This book explores the regulations, goals and functioning of preparatory proceedings in four Nordic countries and eight former communist countries. The contributions discuss whether, and how the regulation and practice of preparatory proceedings enhance swift civil justice that is both inexpensive and has quality outcomes. A central question is whether the main hearing model of civil justice, in which preclusion of new evidence and claims occur at the end of the preparatory stage, results in greater efficiency, or whether the functioning of civil proceedings largely depends on other factors. It also
examines regulation and use of court-connected mediation and judicial
settlement efforts. This book offers comparative insights into the functioning
of the preparatory civil proceedings in the countries covered.

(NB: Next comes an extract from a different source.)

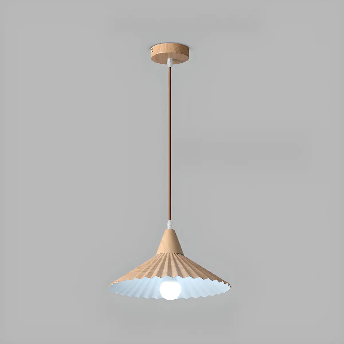 ZOWALA - Nordic Wood Color Cone Pleated Pendant Light
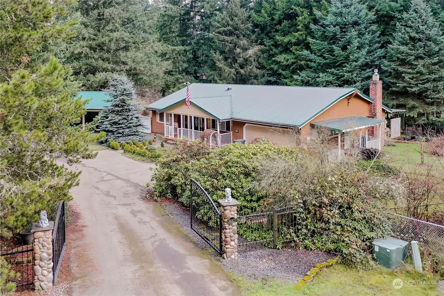 Open the gate and find your 5-acre slice of the Pacific Northwest. Rambler home in Roy has 3 beds, including primary suite with built-in vanity, 2 baths, formal living and dining areas, and a family room with a gas fireplace and extra-large sliding doors leading to one of several covered porches. The kitchen has granite countertops, a center-island range, desk area, and a breakfast bar. The property features a large shop with lift, overhead crane, wood stove, propane, fans, woodworking shop, and office. The property includes grow tunnels, two chicken houses, ample parking and is fully fenced. With two electric meters, Kennitco Water system, heat pump, generator, metal roofs, and fruit trees, it's a haven of comfort and self-sufficiency.

Preparatory proceedings are considered a key tool for achieving efficient civil
proceedings. The claims and factual background of the case are clarified at an
earlystage, and the main hearing is focused. Judicial settlement efforts and
court-connected mediation contribute to early resolution of cases, and are
important elements of Nordic civil procedure The Nordic countries have used the
main hearing model of civil proceedings for some decades, and recent reforms
have further enhanced the role of the preparatory stage. Former communist
countries are reforming their earlier piecemeal- format civil proceedings by
introducing and strengthening written and oral preparation, as well as court-connected mediation.